◆ The task:
Images aside, the whole listing should be written out word for word.

◆ Exercise data:
BEGIN
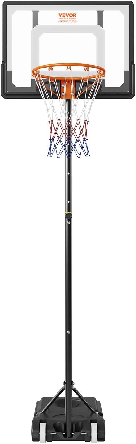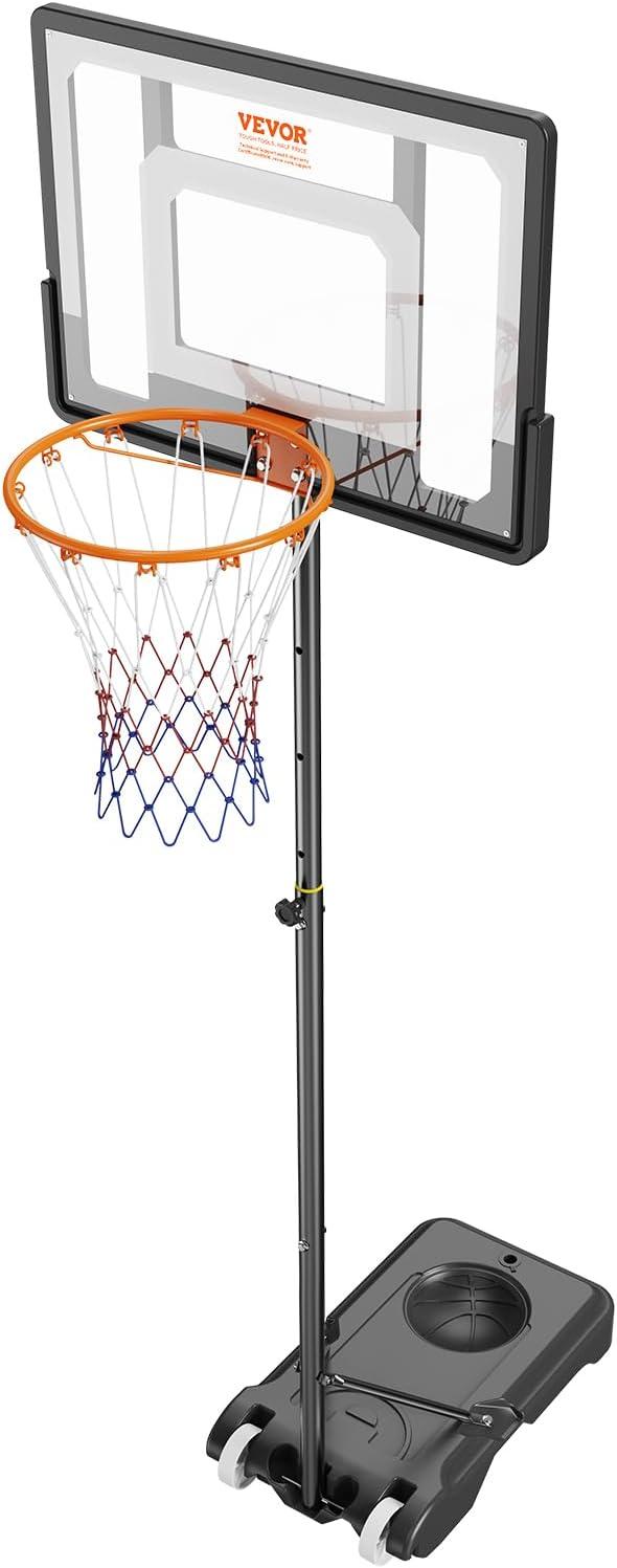 VEVOR Basketball Hoop, Adjustable Height Portable Backboard Hoop Court, Basketball Hoops Goal, Mobile Stand with Wheels Weighted Base, Youth&Adults, Basketball Hoop Outdoor / Indoor
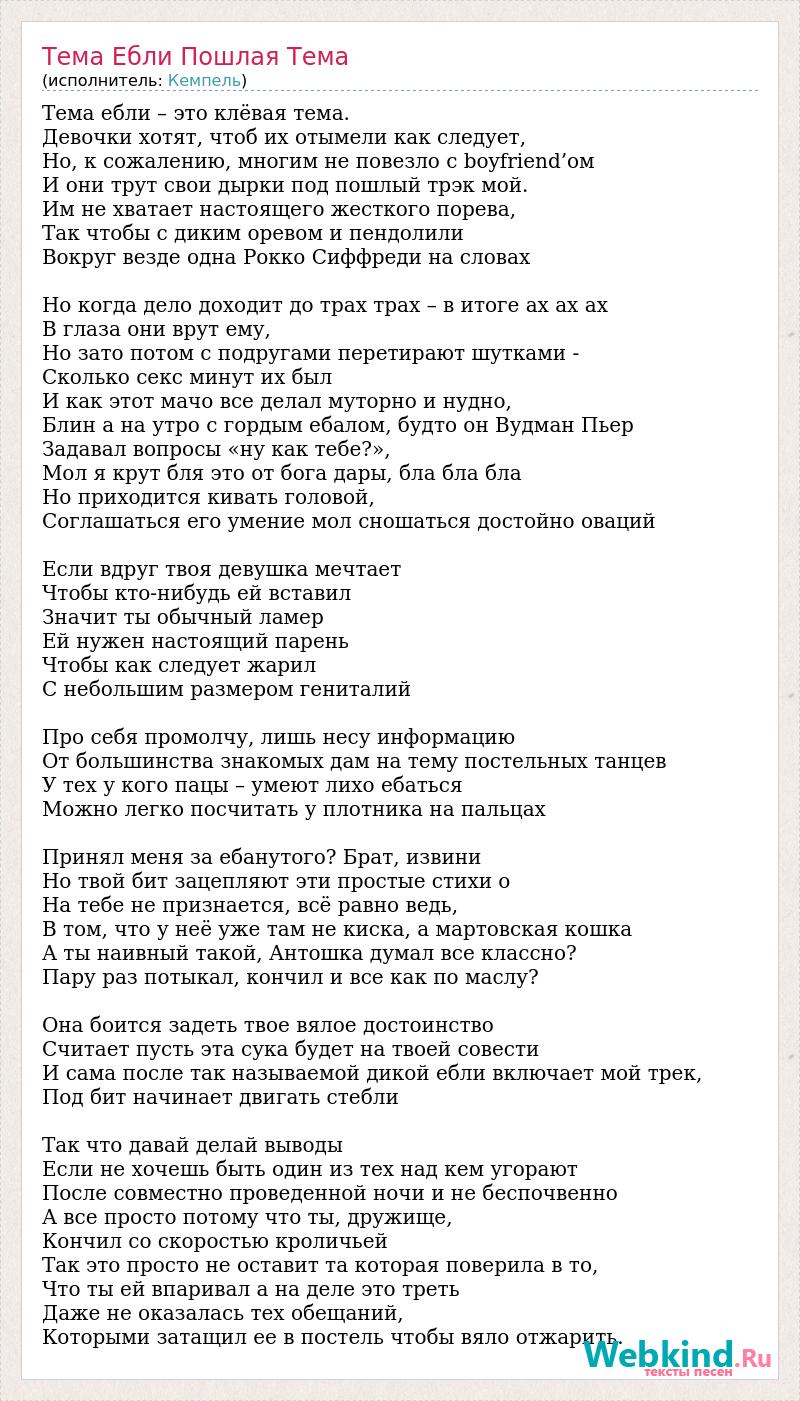 Тема ебли – это клёвая тема. Девочки хотят, чтоб их отымели как следует, Но, к сожалению, многим не повезло с boyfriend’ом И они трут свои дырки под пошлый трэк мой. Им не хватает настоящего жесткого порева, Так чтобы с диким оревом и пендолили Вокруг везде одна Рокко Сиффреди на словах Но когда дело доходит до трах трах – в итоге ах ах ах В глаза они врут ему, Но зато потом с подругами перетирают шутками - Сколько секс минут их был И как этот мачо все делал муторно и нудно, Блин а на утро с гордым ебалом, будто он Вудман Пьер Задавал вопросы «ну как тебе?», Мол я крут бля это от бога дары, бла бла бла Но приходится кивать головой, Соглашаться его умение мол сношаться достойно оваций Если вдруг твоя девушка мечтает Чтобы кто-нибудь ей вставил Значит ты обычный ламер Ей нужен настоящий парень Чтобы как следует жарил С небольшим размером гениталий Про себя промолчу, лишь несу информацию От большинства знакомых дам на тему постельных танцев У тех у кого пацы – умеют лихо ебаться Можно легко посчитать у плотника на пальцах Принял меня за ебанутого? Брат, извини Но твой бит зацепляют эти простые стихи о На тебе не признается, всё равно ведь, В том, что у неё уже там не киска, а мартовская кошка А ты наивный такой, Антошка думал все классно? Пару раз потыкал, кончил и все как по маслу? Она боится задеть твое вялое достоинство Считает пусть эта сука будет на твоей совести И сама после так называемой дикой ебли включает мой трек, Под бит начинает двигать стебли Так что давай делай выводы Если не хочешь быть один из тех над кем угорают После совместно проведенной ночи и не беспочвенно А все просто потому что ты, дружище, Кончил со скоростью кроличьей Так это просто не оставит та которая поверила в то, Что ты ей впаривал а на деле это треть Даже не оказалась тех обещаний, Которыми затащил ее в постель чтобы вяло отжарить.
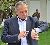 In Kyrgyzstan, Bakiev was sentenced in absentia to life in prison for involvement in the killing of protesters during the 2010 uprising.[33] The Kyrgyz government has since demanded Bakiyev's extradition, but Belarus has refused, which has been the cause of many conflicts in Kyrgyz-Belarusian relations.[34] He was accompanied by his wife Tatyana, his two sons and his Kyrgyz mistress Nazgul Tolomusheva.[35] In February 2012, it was being reported that Bakiyev was granted Belarusian citizenship in 2010.[36] In a 2017 interview with the Belarusian service of Radio Free Europe/Radio Liberty, Bakiyev claimed that Medvedev and Putin, as well as US President Barack Obama were involved in the coordination of his safe departure to Minsk.[33]
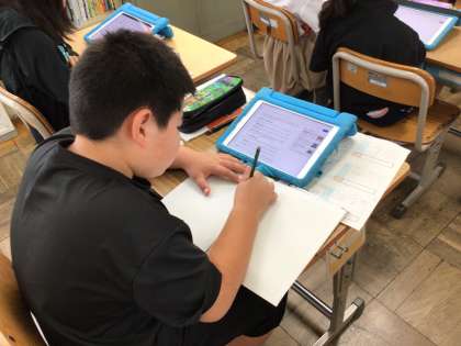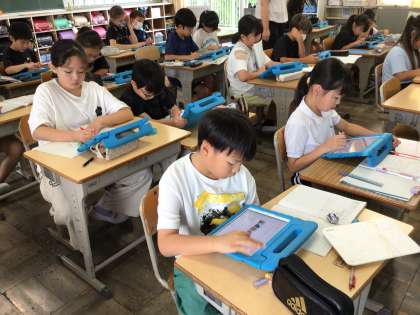 犬山城がどのように守られてきたのかを学習用タブレットを使って調べました。約500年前に築かれた犬山城は国宝です。大震災などを乗り越えて、今もなお立派に残る犬山城の歴史の長さを知りました。
END
◆ Response:
 VEVOR Basketball Hoop, Adjustable Height Portable Backboard Hoop Court, Basketball Hoops Goal, Mobile Stand with Wheels Weighted Base, Youth&Adults, Basketball Hoop Outdoor / Indoor
 Тема ебли – это клёвая тема. Девочки хотят, чтоб их отымели как следует, Но, к сожалению, многим не повезло с boyfriend’ом И они трут свои дырки под пошлый трэк мой. Им не хватает настоящего жесткого порева, Так чтобы с диким оревом и пендолили Вокруг везде одна Рокко Сиффреди на словах Но когда дело доходит до трах трах – в итоге ах ах ах В глаза они врут ему, Но зато потом с подругами перетирают шутками - Сколько секс минут их был И как этот мачо все делал муторно и нудно, Блин а на утро с гордым ебалом, будто он Вудман Пьер Задавал вопросы «ну как тебе?», Мол я крут бля это от бога дары, бла бла бла Но приходится кивать головой, Соглашаться его умение мол сношаться достойно оваций Если вдруг твоя девушка мечтает Чтобы кто-нибудь ей вставил Значит ты обычный ламер Ей нужен настоящий парень Чтобы как следует жарил С небольшим размером гениталий Про себя промолчу, лишь несу информацию От большинства знакомых дам на тему постельных танцев У тех у кого пацы – умеют лихо ебаться Можно легко посчитать у плотника на пальцах Принял меня за ебанутого? Брат, извини Но твой бит зацепляют эти простые стихи о На тебе не признается, всё равно ведь, В том, что у неё уже там не киска, а мартовская кошка А ты наивный такой, Антошка думал все классно? Пару раз потыкал, кончил и все как по маслу? Она боится задеть твое вялое достоинство Считает пусть эта сука будет на твоей совести И сама после так называемой дикой ебли включает мой трек, Под бит начинает двигать стебли Так что давай делай выводы Если не хочешь быть один из тех над кем угорают После совместно проведенной ночи и не беспочвенно А все просто потому что ты, дружище, Кончил со скоростью кроличьей Так это просто не оставит та которая поверила в то, Что ты ей впаривал а на деле это треть Даже не оказалась тех обещаний, Которыми затащил ее в постель чтобы вяло отжарить.
 In Kyrgyzstan, Bakiev was sentenced in absentia to life in prison for involvement in the killing of protesters during the 2010 uprising.[33] The Kyrgyz government has since demanded Bakiyev's extradition, but Belarus has refused, which has been the cause of many conflicts in Kyrgyz-Belarusian relations.[34] He was accompanied by his wife Tatyana, his two sons and his Kyrgyz mistress Nazgul Tolomusheva.[35] In February 2012, it was being reported that Bakiyev was granted Belarusian citizenship in 2010.[36] In a 2017 interview with the Belarusian service of Radio Free Europe/Radio Liberty, Bakiyev claimed that Medvedev and Putin, as well as US President Barack Obama were involved in the coordination of his safe departure to Minsk.[33]
 犬山城がどのように守られてきたのかを学習用タブレットを使って調べました。約500年前に築かれた犬山城は国宝です。大震災などを乗り越えて、今もなお立派に残る犬山城の歴史の長さを知りました。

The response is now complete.